The Habitat Challenge started earlier this summer, with almost 50 individual MQG chapters participating and setting their own rules. Because Jay’s a hometown boy, the Phillie chapter asked Jay to kick their challenge off and judge the results. The guild members’ original 12-inch  blocks will eventually be worked into quilts that will be donated to the Quilts for Japan quilt drive, a project near and dear to Jay’s heart.

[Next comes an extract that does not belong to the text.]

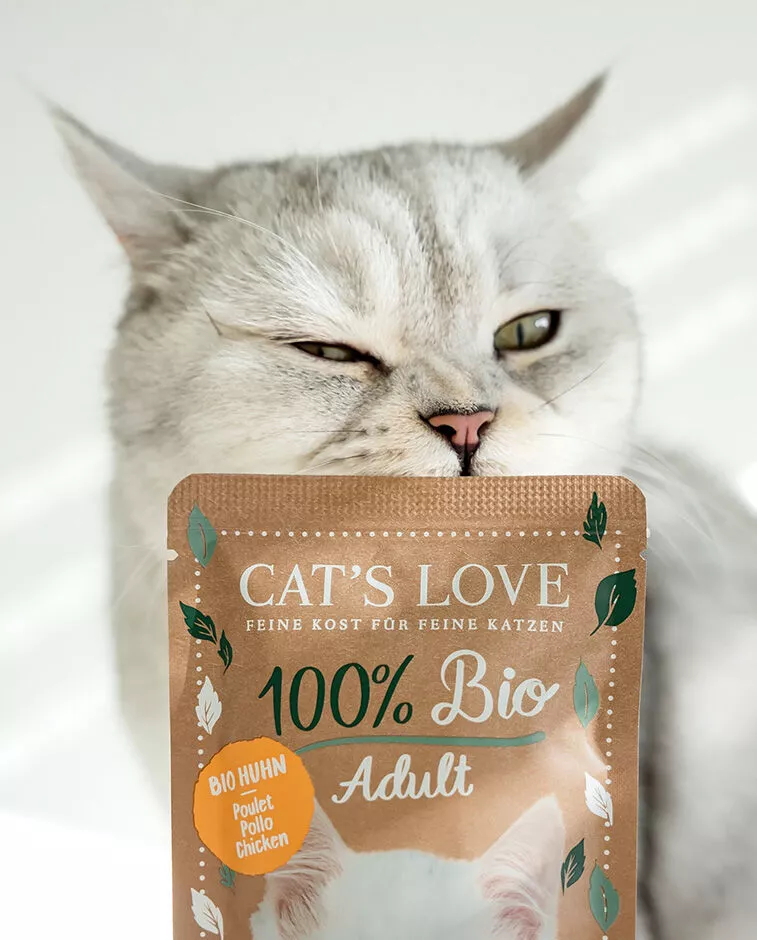 Cat’s Love BIO kapsičky pre mačky vznikli s dôrazom na kvalitu surovín a šetrné spracovanie. Výrobca používa mäso z kontrolovaného ekologického chovu a dopĺňa ho prírodnými ingredienciami, ktoré podporujú vyváženú výživu mačky. Receptúra neobsahuje obilniny, pridaný cukor ani umelé farbivá. Okrem toho výrobca nepoužíva umelé konzervanty ani arómy. Preto kapsičky predstavujú prirodzenú voľbu pre majiteľov, ktorí chcú svojej mačke dopriať kvalitné mokré krmivo z organických surovín.Prečo si vybrať kapsičky pre mačky Cat’s Love

The Philly MQGers kindly let Generation Q share in the fun by letting us reveal their Habitat Challenge winners to the quilty world, including the directions and diagrams for these kick-ass blocks. We’ve scheduled that fun for our regular daily post on Aug. 19, but for now, here’s the 411 on the winning designers and their blessed-by-Jay blocks:

 

Monica Cuartero
Sicklerville, NJ
http://fussycutquilts.blogspot.com

Classically trained as a painter, Monica has been quilting and working with fiber for the past 10 years. She confesses that for a long time she made her own “blocks,” but was afraid to sew them into quilts. (That fear is vanishing!) She likes to bring a modern painterly approach to traditional quilting. The “Pollen” print in Habitat “struck an asthmatic chord” with her, she says, and that fabric is featured heavily in appliqué in her block.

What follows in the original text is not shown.